I used to wince at this accusation, as there was a grain of truth in it, though only to the extent that Myles na Gopaleen did use the cliche expert interview idea, and I borrowed it from him.

And then I discovered something that restored my happiness. Myles na Gopaleen had stolen the idea from someone else. He had taken it with or without acknowledgement - almost certainly without - from Frank Sullivan, an American writer who in the Thirties invented a cliche expert called Mr Arbuthnot, and wrote at least one classic piece called 'The Cliche Expert Testifies on Love'. If you have never sampled it, here (I almost said, 'to whet your appetite') is a small extract. A. There is another side to sex. Q. There is? What side? A. The seamy side. There are, you know, men who are wolves in sheep's clothing, and there are, alas, lovely women who stoop to folly. Q. My goodness] Describe these men you speak of, please. A. They are fiends in human form, who would rob a woman of her most priceless possession. Q. What is that? A. Her honour. Q. How do they rob her? A. By making improper advances. Q. What does a woman do when a snake in the grass tries to rob her of her honour? A. She defends it. Q. How? A. By repulsing his advances and scorning his embraces. Q. How does she do that? A. By saying: 'Sir, I believe that you forget yourself', or 'I'll kindly thank you to remember I'm a lady'. Q. Suppose she doesn't say any of these things? A. In that case, she takes the first false step down the primrose path . . .
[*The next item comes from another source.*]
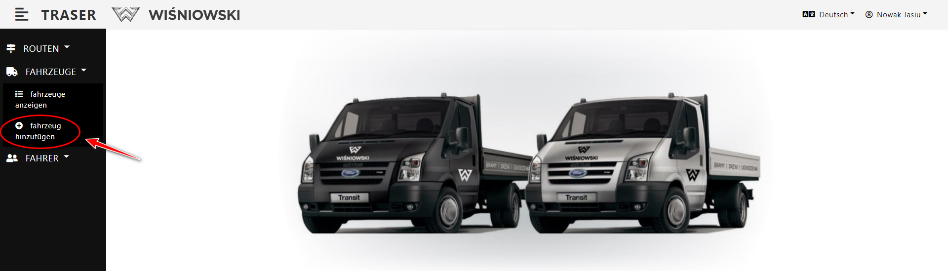 Abb. 1. Hinzufügen eines Fahrzeugs über das Seitenmenü.

Excellent stuff. I wonder who Frank Sullivan nicked the idea from, and who HE nicked it from.

Yes, ideas in humour come back again and again, as do humorous fashions. When I first joined Punch in the Sixties, the writer who had most influenced me was S J Perelman - I spent a few months falling under his spell and much too long getting out from under it again. Perelman's writing, I would guess, influences nobody these days, but I have just made the most extraordinary discovery: his cartoons, of all things, were way ahead of the game.

Some modern cartoons, as I have suggested before, are not really cartoons at all but artificial drawings with arch titles. I always thought that Glen Baxter was the father of this school, but I have just come across a collection of Perelman's early material called That Old Gang O' Mine (William Morrow and Co, NY), and it turns out that he was doing Glen Baxter material back in the Twenties.
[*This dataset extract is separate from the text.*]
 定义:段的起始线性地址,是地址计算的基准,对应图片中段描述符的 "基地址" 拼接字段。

I don't think Perelman kept up cartooning much beyond 1930, but before then he was turning out drawings with captions such as 'Please, Daddy, Don't Go Out Tonight] Begged The Gunman's Children', 'I Consider Fisticuffs Brutal, Announced Cabot Flatly' and 'The Score is Forty-Love Said Frank Meaningfully'. The captions have the stage-direction quality of Glen Baxter. Mark you, they aren't that good, but it's nice to know that things do come in cycles. To put it another way . . . Q. Under what heavenly orb is there nothing new? A. The sun.